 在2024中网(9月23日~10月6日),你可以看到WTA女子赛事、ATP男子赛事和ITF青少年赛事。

==

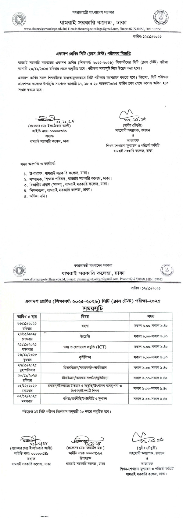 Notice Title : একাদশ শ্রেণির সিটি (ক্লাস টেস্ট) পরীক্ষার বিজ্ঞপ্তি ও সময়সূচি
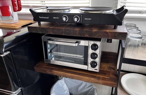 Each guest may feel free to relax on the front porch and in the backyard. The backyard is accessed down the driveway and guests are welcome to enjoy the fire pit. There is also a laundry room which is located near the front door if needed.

What is expected: Repeat only the stretch of data above that runs from the line with "Notice Title : একাদশ" to the line with "Each guest may". Keep both end lines; exclude pictures.

Task result:
 Notice Title : একাদশ শ্রেণির সিটি (ক্লাস টেস্ট) পরীক্ষার বিজ্ঞপ্তি ও সময়সূচি
 Each guest may feel free to relax on the front porch and in the backyard. The backyard is accessed down the driveway and guests are welcome to enjoy the fire pit. There is also a laundry room which is located near the front door if needed.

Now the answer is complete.